With the flow table generated based on the configuration information, peripheral card 200 can perform the virtual switch functionality without occupying too many resources of host system 300. FIG. 5 illustrates an exemplary data flow for peripheral card 200 to process packets, consistent with embodiments of the present disclosure.

As shown in FIG. 5, network interface 208 receives (501) a packet. As discussed above, the packet can be a packet from an external source. The packet can be forwarded (503) to packet processing engine 206. It is contemplated that if the packet is from the virtual machines of the host system, the packet can be directly sent to packet processing engine 206. Packet processing engine 206 can determine whether the packet has a matching flow entry.

For example, packet processing engine 206 can request to retrieve (505) a flow table containing flow entries from memory device 212. After the flow table is returned (507) to packet processing engine 206, packet processing engine 206 can process the packet to determine (509) whether the packet has a matching flow entry.

If no matching flow entry is found, packet processing engine 206 can send (511) the packet to processor unit 204 for further process. For example, processor unit 204 can analyze the header of the packet and determine (513) a flow entry corresponding to the packet accordingly. Processor unit 204 can then update (515) the determined flow entry into the flow table stored in memory device 212, and further send back (517) the packet to packet processing engine 206. As shown in FIG. 5, packet processing engine 206 can then re-perform the retrieving and determining a matching flow entry.

If a matching flow entry is found, packet processing engine 206 can return (519) the packet with routing information to network interface 208, so that network interface 208 can distribute (521) the packet accordingly based on the routing information. It is contemplated that, when the packet is a packet returned by processor unit 204, with the flow table being updated, packet processing engine 206 can find the matching flow entry. In this case, the packet is referred to as a first packet.

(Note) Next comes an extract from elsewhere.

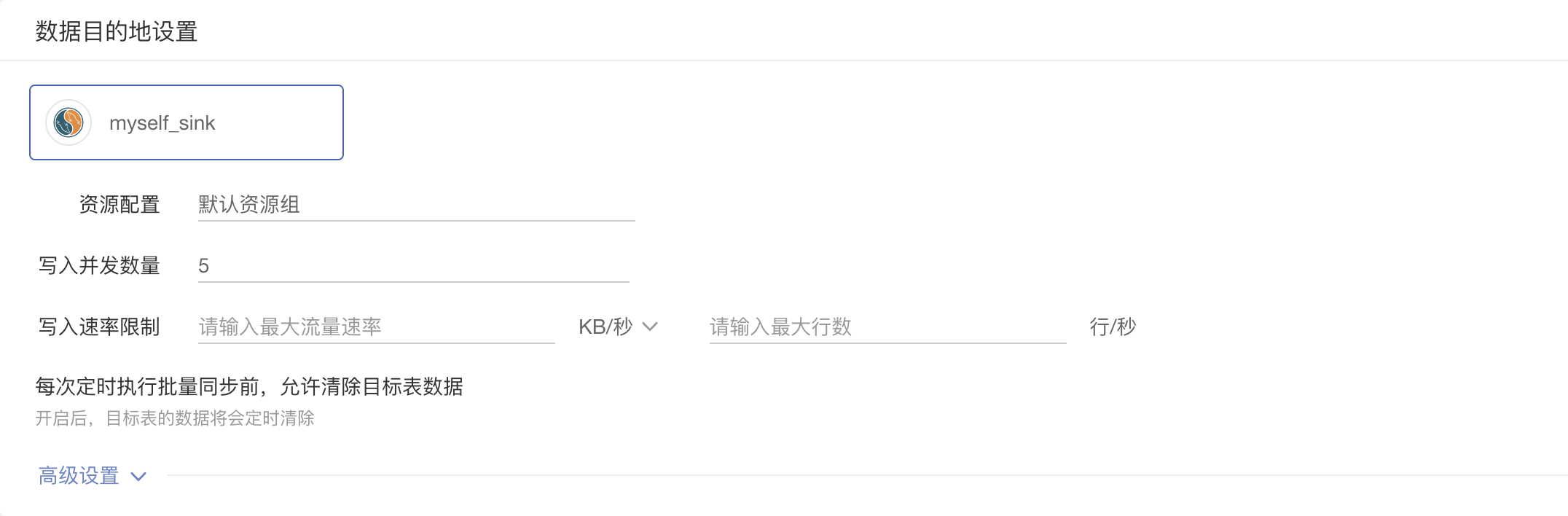 * 设置当前任务数据目的地使用资源组,通过合理分配任务与资源组,可使重要任务计算资源得到保障。

FIG. 6 is a flow chart of an exemplary method 600 for distributing packets, consistent with embodiments of the present disclosure. For example, method 600 can be implemented by a virtual switch of peripheral card 200, and can include steps 601-611. In some embodiments, the virtual switch can be implemented by processor unit 204 and packet processing engine 206, functioning as a slow path and a fast path respectively.

In step 601, the virtual switch can be initialized by host system 300 having a controller and a kernel. For example, the virtual switch can be initialized by configuration information generated by host system 300 to establish a flow table. For example, the initialization procedure can correspond to the initialization procedure discussed above in FIG. 4, and description of which will be omitted herein for clarity.

In step 603, packets can be received by the virtual switch. Packets to be handled by the virtual switch can be generated from host system 300 or an external source. For example, host system 300 can include a plurality of virtual machines (VMs) to generate the packets. The packets can be received by peripheral card 200. For example, peripheral card 200 can create a plurality of virtual functions (VF), and the packets can be received by the respective VFs and sent to the virtual switch.

In step 605, the virtual switch can determine whether a packet has a matching flow entry in the flow table. The flow table is established in peripheral card 200 to include a plurality of flow entries corresponding to respective packets. If a packet has a matching flow entry in the flow table, then the packet will be routed by packet processing engine 206 (i.e., the fast path) according to the matching flow entry. If, however, the packet has no matching flow entry in the flow table, then the packet will be delivered to processor unit 204 for further processing.

Therefore, in step 607, after determining that the packet has no existing flow entry, packet processing engine 206 can raise an interrupt to processor unit 204 to invoke the slow path of the virtual switch. In response to the interrupt, processor unit 204 can process the packet in the next step.

In step 609, the slow path of the virtual switch (e.g., processor 204) can receive the packet sent by packet processing engine 206 and process the packet by slow path codes to determine a flow entry corresponding to the packet.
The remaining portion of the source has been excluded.